2 National Institute of Standards and Technology (NIST), 2021, “Structural Performance of Nuclear Power Plant Concrete Structures Affected by Alkali-Silica Reaction (ASR) Task 1: Assessing In-Situ Mechanical Properties of ASR-Affected Concrete,” NIST TN 2121, Gaithersburg, MD.
3 NIST, 2021, “Structural Performance of Nuclear Power Plant Concrete Structures Affected by Alkali-Silica Reaction (ASR) Task 2: Assessing Bond and Anchorage of Reinforcing Bars in ASR-Affected Concrete,” NIST TN 2127, Gaithersburg, MD.
Challenges and Opportunities
This research program provides the opportunity for NIST to directly impact the design profession by providing structural connection and system solutions that enhance structural robustness and limit disproportionate collapse. This requires NIST to evaluate design solutions that not only meet various performance objectives, but also provide an economic and efficient design solution compared with current construction practices. Collaboration with other agencies (e.g., AISCand PCI) and design firms will be instrumental in accomplishing this goal.

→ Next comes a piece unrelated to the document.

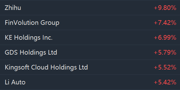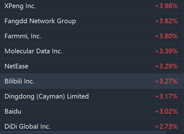 DiDi, NetEase, Li Auto, Baidu, Bilibili, Zhihu and XPeng rose between 2% and 10%.

A program goal that has not been accomplished is to encourage adoption by the building codes, or design criteria that would require minimum standards of robustness for all structures. NIST put substantial effort into accomplishing this goal in the period 2003-2006; however, the building industries and the building code development organizations were resistant to inclusion of such requirements. NIST has been working with the ASCE to develop a standard for design for structural robustness. This standard is now nearing completion. However, it is not clear whether the building codes will require use of this standard when it is available. Unless the building codes require use of these criteria, the effectiveness of this program will be limited.
PORTFOLIO OF SCIENTIFIC EXPERTISE
The Materials and Structural Systems Division’s (MSSD’s) Structures Group has two primary areas of expertise: wind engineering and structural engineering.
The wind engineering personnel have deep expertise and experience in the engineering application of the science of wind. They have demonstrated through their successes that they have key roles in the development of the nation’s codes and standards related to wind and are highly regarded by the industry.
The structural engineering personnel address a broad range of topics that are generally associated with structural collapse issues. They have developed deep experience in studying structural failures, such as those associated with the destruction of the World Trade Center. They have demonstrated that they can address problems as diverse as ASR effects on the safety of nuclear facilities and the role of connections in preventing the collapse of steel or precast structures.
Challenges and Opportunities
Much of the program staff’s expertise lies in individuals who are approaching or beyond typical retirement age. As these individuals inevitably do retire, the program will lose substantive expertise.
The wind engineering personnel comprise approximately half of the Structures Group and have been extremely important and effective in the development and refinement of national wind standards. This success is highly associated with the effectiveness of individuals in the Wind Engineering Group. As with any small group, the loss of key individuals through retirement or other circumstances can have major effects. The Wind Engineering Group does have mid-career individuals who will have the responsibility of maintaining the group’s influence over the long term. They need to continue to develop and refine a long-term succession/talent plan.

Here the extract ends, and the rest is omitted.